The disadvantage was that one couldn’t really strike off on one’s own, but had to accept all the well-meant attention and courtesies and special treatment dished out along the way. Including, this time, a special limousine to take them and their luggage directly across the tarmac to the airliner, which had just started loading, so there was no chance for Evelyn to get to a phone and call Robert, as she suddenly wanted to do.

  One top deck section near the front of the plane had been curtained off so they would be able to travel in privacy. Having avoided going through the terminal, and having boarded via the crew’s ramp at the front, they were seen by virtually none of the other passengers.

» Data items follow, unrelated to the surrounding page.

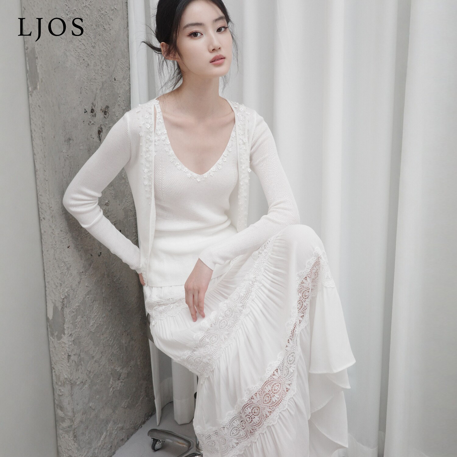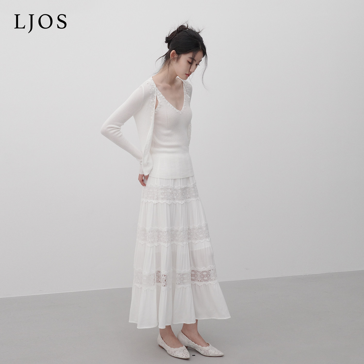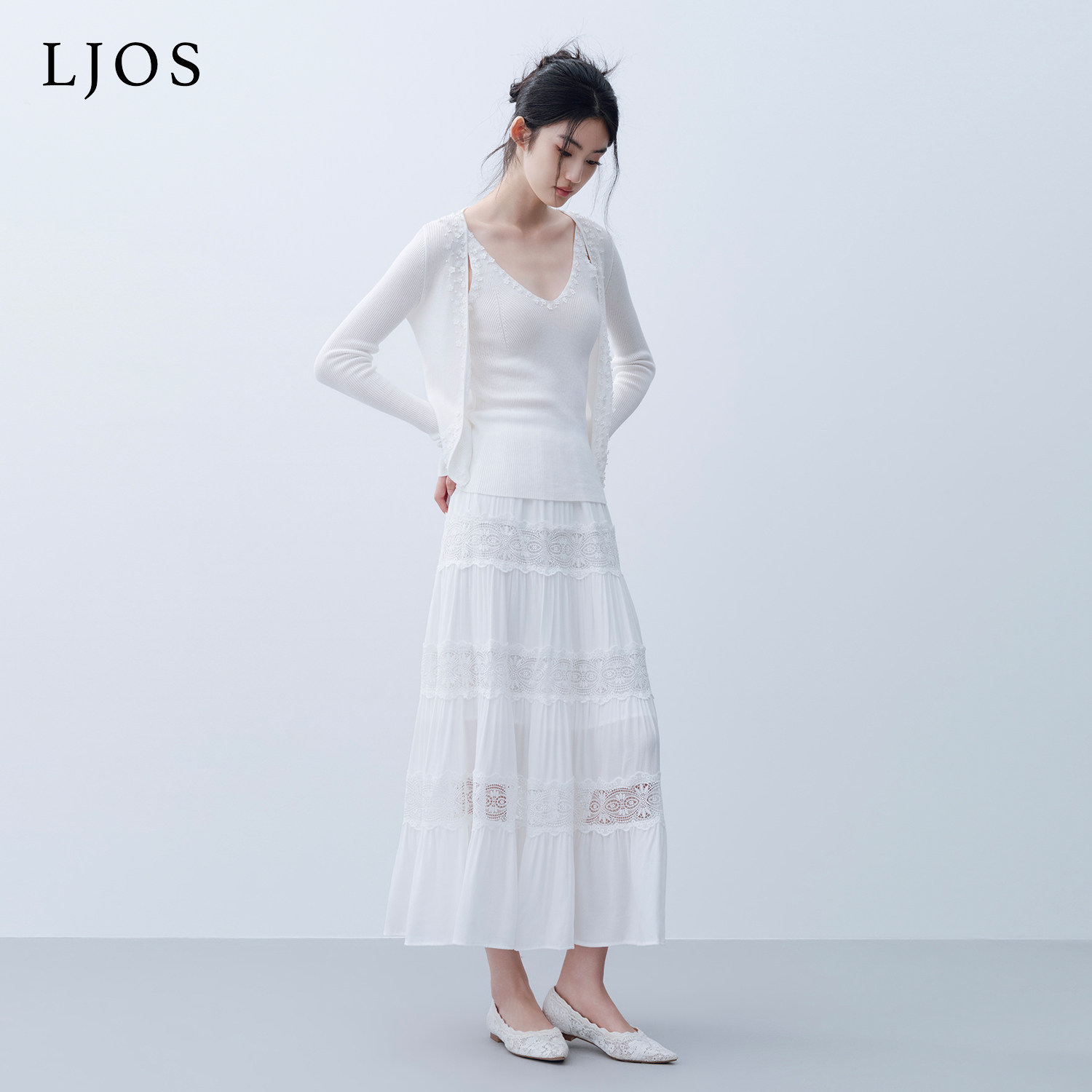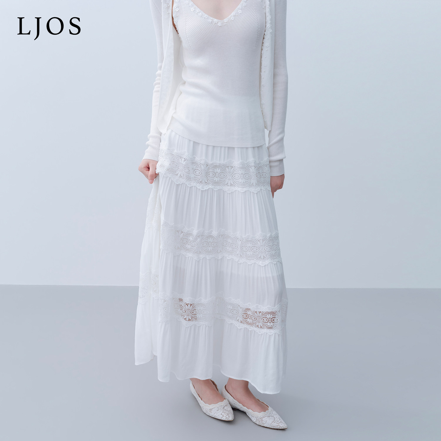 白色半裙简约优雅 蕾丝拼接半身裙2026早春新品 LJOS 瓷白色法式
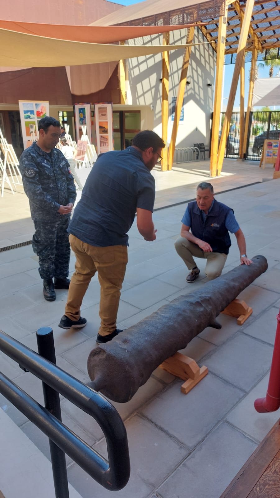 La visita se enmarcó en la continuidad y proyección de la muestra “Angamos, Clave de la Victoria”, actualmente exhibida en el Museo Municipal de Mejillones “Raúl Mavrakis Morales”, exposición desarrollada y montada por el Museo Marítimo Nacional. En este contexto, se llevaron a cabo actividades de mediación cultural, entrevistas y la grabación de breves cápsulas y podcasts junto al encargado del museo local y su equipo, con el objetivo de motivar a turistas y visitantes a conocer esta relevante muestra histórica.
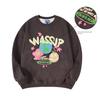 Wassup Heods Foam Stereo Letter Sweatshirt Men's Autumn and Winter Fleece-Lined Versatile Casual Round Neck Top for Couples
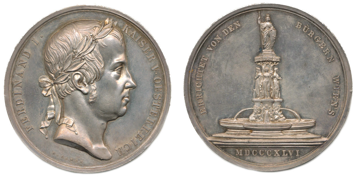 K.Lange - Medaile k postavení kašny Schwathaler - Brunnen ve Vídni Poprsí císaře zprava, opis / kašna, opis, letopočet v úseči 1846 Sign., Ag 50 mm, 56.81 g, Mo.2624, Ho.3651, LG.XII/364
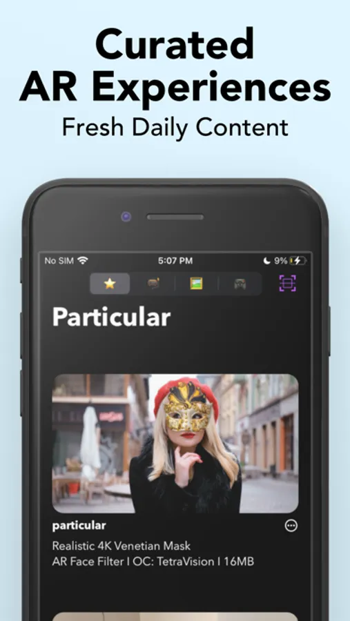 Experience fantastic and exclusive 4K face filters, you will not find elsewhere. Record amazing videos and share them directly on your social media like Instagram, Twitter, byte, TikTok for that “WOW” effect. You have never seen realistic face filters like the ones you will find in Particular Augmented Reality.
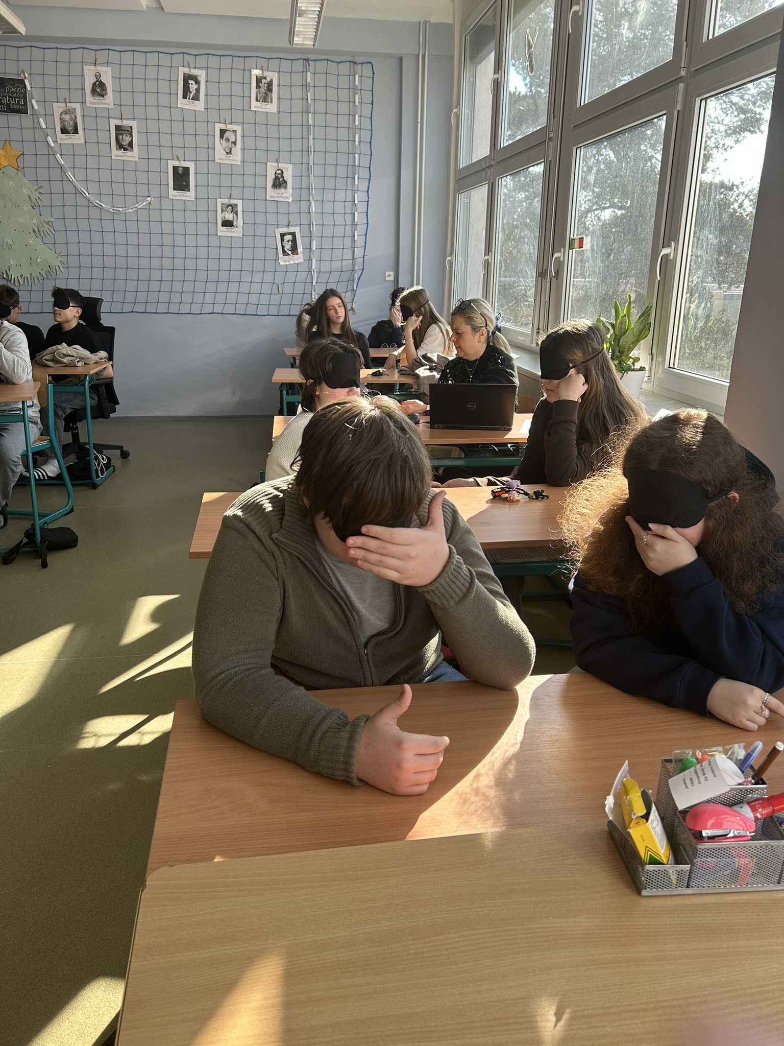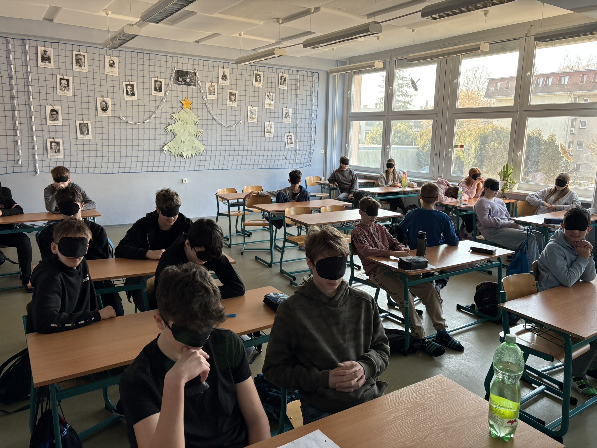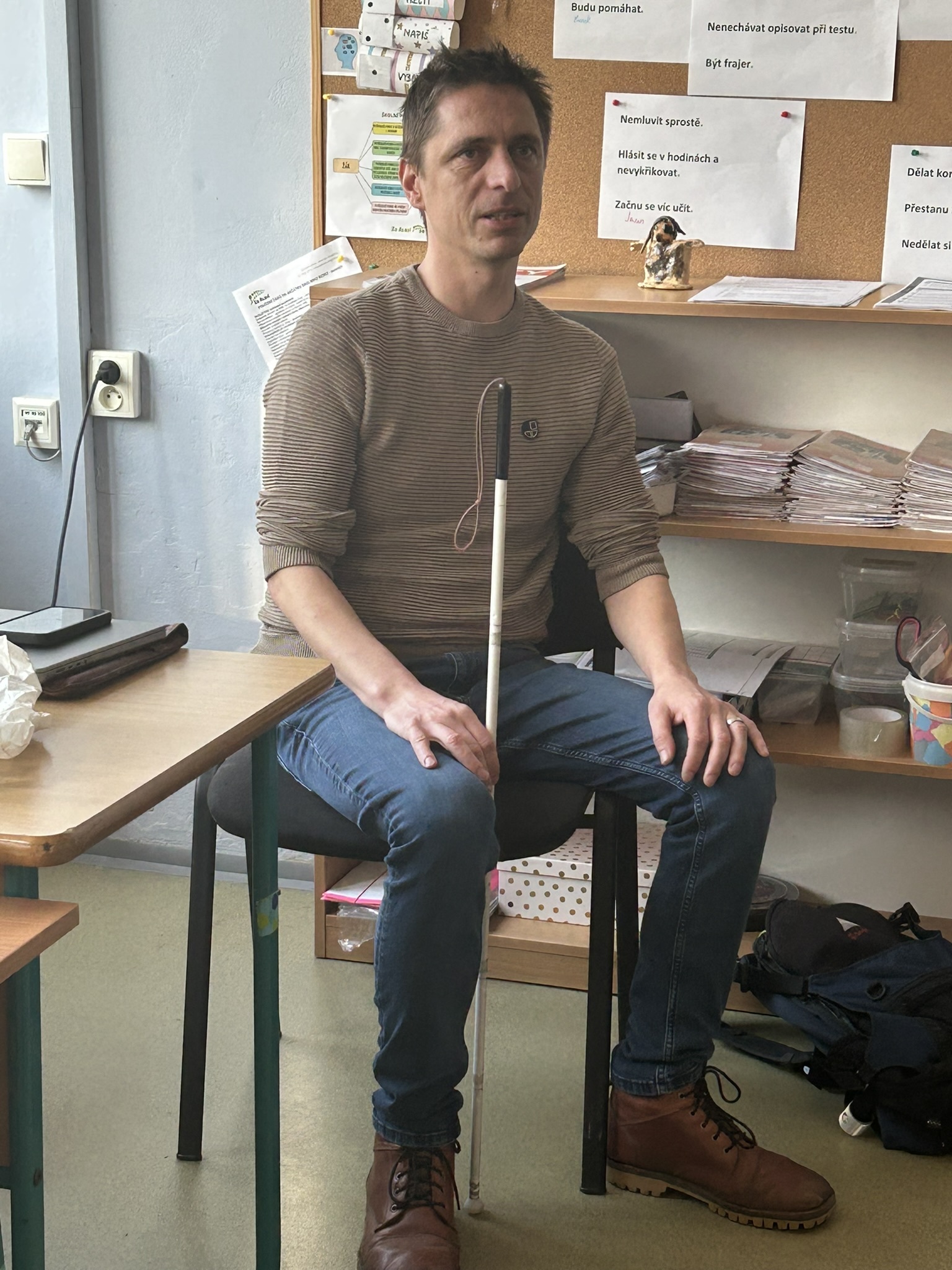 Naše návštěva ve škole Za Alejí byla, jako již tradičně, velice poučná a to jak pro děti, tak i pro nás. Společně jsem si povídali o tom, jak se nevidomí orientují v prostoru, jaké používají pomůcky, jak čtou Braillovo písmo a pohybují se pomocí bílé hole. Děti si některé pomůcky samy vyzkoušely - třeba chůzi s bílou holí a hmatové hry, které prověřily nejenom jejich smysly, ale i trpělivost.
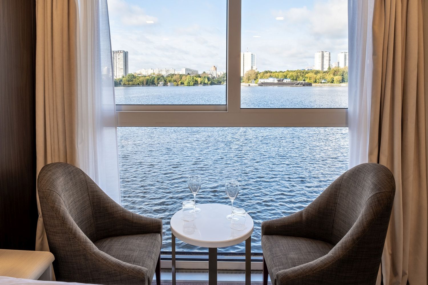 | Средняя палуба | Люкс двухместный Просторные каюты с двуспальной кроватью и мягкой зоной для отдыха В каюте: двуспальная кровать (раздвигается), диван, панорамные окна, спутниковое ТВ, шкаф для одежды, холодильник, кондиционер, розетки 220V, телефон, радио, фен, капсульная кофемашина, электрочайник, сейф, ванна или душ, санузел. Площадь — до 37 м2. В каюте № 255 - душ. Площадь каюты - 28 м2.В каюте № 255 размер дивана в разобранном виде - 137х170 см.В каютах № 251, 252, 253, 254, 256 - ванна. Площадь каюты - 37 м2.В каютах № 251, 252, 253, 254, 256 размер дивана в разобранном виде - 105х170 см.Дополнительные привилегии для гостей кают класса «Люкс двухместный»: —бутилированная питьевая вода (ежедневное пополнение): 2 бутылки (0,5л) / чел. в день;—капсульная кофемашина: 2 капсулы / чел. в день;—игристое вино (1 бутылка на каюту) в день посадки, без пополнения;—мини-бар бесплатно в день посадки, после пополнения в остальные дни рейса – платно, по действующему прайс-листу;—расширенный косметический набор Natura Siberica в дополнении к стандартному: молочко/лосьон для тела, зубной и бритвенный наборы.Компания оставляет за собой право изменить перечень указанных привилегий без предварительного уведомления. | 2-местное размещение | нет |

  Bradford showed his pleasure constantly, in the way he moved and the way he looked around and the way he joked with the stewardesses who kept finding reasons to come into this section. Watching him, Evelyn remembered the nervousness and irritability and weariness that had been growing in him more and more during the two weeks when Wellington’s men had been giving him one excuse after another for inaction, and she was both pleased now at how much better he was obviously feeling and at the same time saddened by the knowledge of the lie on which he was basing his hopes.

  Dulles, still the only under-utilized major airport on the Eastern Seaboard, almost never had delays, either coming or going. The huge plane lifted exactly on schedule: 8:10 P.M.

  The flight was a dream of escape, a black cotton nighttime flight over an impenetrable darkness of ocean below, all of reality narrowed down to this one projectile hurtling eastward. Bradford, perhaps finally feeling that he was a man possessed of a future, was apparently open again to thoughts of the past, and spent much of the trip telling Evelyn anecdotes from his political career, many of which she’d never heard before. Two or three stewardesses frequently swelled his audience, and he grew more and more expansive. He was clearly having the time of his life.